Larry Ferlazzo’s Websites of the Day…

…For Teaching ELL, ESL, & EFL

March 28, 2015
by Larry Ferlazzo

Great Updated Video Search Engine

I have previously posted about Richard Byrne’s fabulous search engine for video sites other than YouTube (see If You Don’t Have Teacher Access To YouTube At Your School, Then This Search Engine is a “Must”).

He’s just updated it. Now, with the limitations YouTube’s Safety Mode is putting on teachers whose schools have been allowing YouTube, his search engine will be a “go-to” tool for many of us who haven’t needed it previously.

You can read about the Safety Mode issue at my unfortunately very popular previous post, Our District Just Activated Awful YouTube Safety Mode – What’s Been Your Experience?

August 25, 2014
by Larry Ferlazzo
1 Comment

“” Could Be A Useful Search Engine For English Language Learners

leapit is a new search engine that portrays search results in a visually attractive way (see the above image and compare it to the image below from Google searching the same topic: Christopher Columbus).

I don’t really understand how — apart from the display — that it’s different from Google or Bing, but TechCruch explains it in this post, though after reading it I still don’t have a clue what they’re talking about.

One feature that could come in handy for students doing research is that you’re supposed to be able to create something called a “perspective” which appears to just be your own personal collection of sites that could be shared with other. I like that idea, but couldn’t figure out how to make it work.

Nevertheless, because of the display itself, I’m adding it to The Best Search Engines For ESL/EFL Learners.


August 13, 2013
by Larry Ferlazzo

If You Don’t Have Teacher Access To YouTube At Your School, Then This Search Engine is a “Must”

'Video Flag' photo (c) 2008, Cliff - license:

Richard Byrne has created a nice list of 47 Alternatives to YouTube.
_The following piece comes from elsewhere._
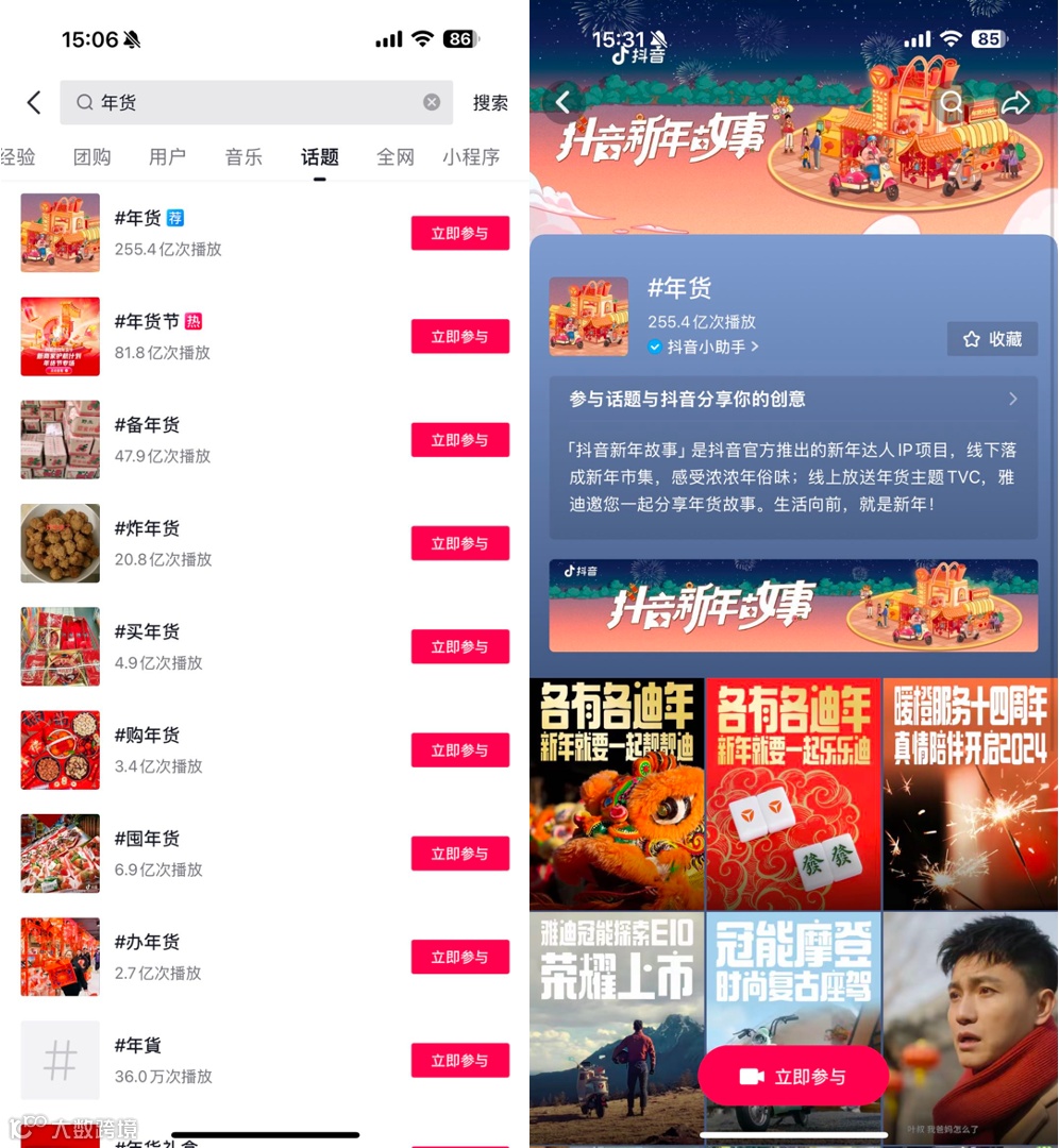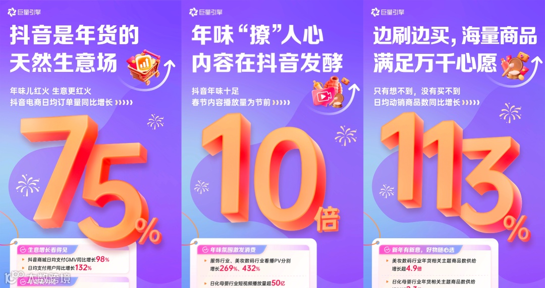 毋庸置疑,对于品牌商家而言,春节相关内容在抖音已展现出强劲的爆发力,不仅在站内迅速发酵并形成热点趋势,也借由多元化的内容话题持续刺激着用户的年货需求。

Yes, it’s nice and useful. However, the killer part of what he’s done is create a custom search engine for those 47 sites.

If you don’t have teacher access to YouTube at your school, you’ll definitely be using this search engine a lot.

Richard has also created a helpful guide for anyone to create their own custom search engines.

I’m adding this info to A Potpourri Of The Best & Most Useful Video Sites.

July 10, 2013
by Larry Ferlazzo
1 Comment

“Qwant” Search Engine Has Unique Useful Feature

Qwant is a search engine that offers a unique useful feature: With a click of your mouse, it lets you save, tag, and organize sites into public or private lists.

This can be useful for students who are researching information on the Web (I’m particularly thinking of my IB Theory of Knowledge students). It can also be useful for any of my students who are creating “picture data sets.” That’s an inductive learning activity where they have to collect and write about images, which they then organize into categories. Virtual corkboard sites are ideal for that activity, but Qwant could be another option.

I’m adding it to The Best Social Bookmarking Applications For English Language Learners & Other Students.

Thanks to Robin Good for the tip.

July 17, 2012
by Larry Ferlazzo
1 Comment

Mobento Lets You Search For Words In Videos

Mobento is a new site that lets you search for words spoken in videos. For now, they have indexed ones from Khan, TED and Stanford, and plan a lot more.

It’s pretty straightforward — you type a word into the searchbox, and it shows you the videos where it has appeared. click on the video, and under the screen there’s a mark where the word is spoken. Click on each mark, and you hear it and its context.

It could be useful, especially as they expand their collection.

You can search the videos without registering, but have to sign-up if you want to leave a comment.

Thanks to TechCrunch for the tip.

June 5, 2012
by Larry Ferlazzo
1 Comment

Qwiki Is Back! (Though It Never Really Went Away)

Qwiki has been on a number of my “The Best…” lists — it’s sort of a multimedia search engine that provides audio support for text, and it’s very engaging.

I was “bummed-out” last month when I read in TechCrunch that they were changing their focus and instead were going to emphasize themselves as a new platform to create presentations. I then went to the usual Qwiki link, and found that yes, they were now a presentation platform. It wasn’t open to the public yet, but you could request an invitation.

So, I went to some of my “The Best…” lists and removed Qwiki from them.

I just received an invite to try out their new service, and wasn’t that impressed (though Richard Byrne has a more positive take on it). Just as I was going to click-off, though, I saw a small line at the bottom of the site asking “Looking for Qwiki Reference?”

I clicked on it, was brought to a new url address and there it was — the old excellent Qwiki (the url is now

So, now, that site goes back to being on The Best Beginner, Intermediate & Advanced English Language Learner Sites and The Best Search Engines For ESL/EFL Learners lists.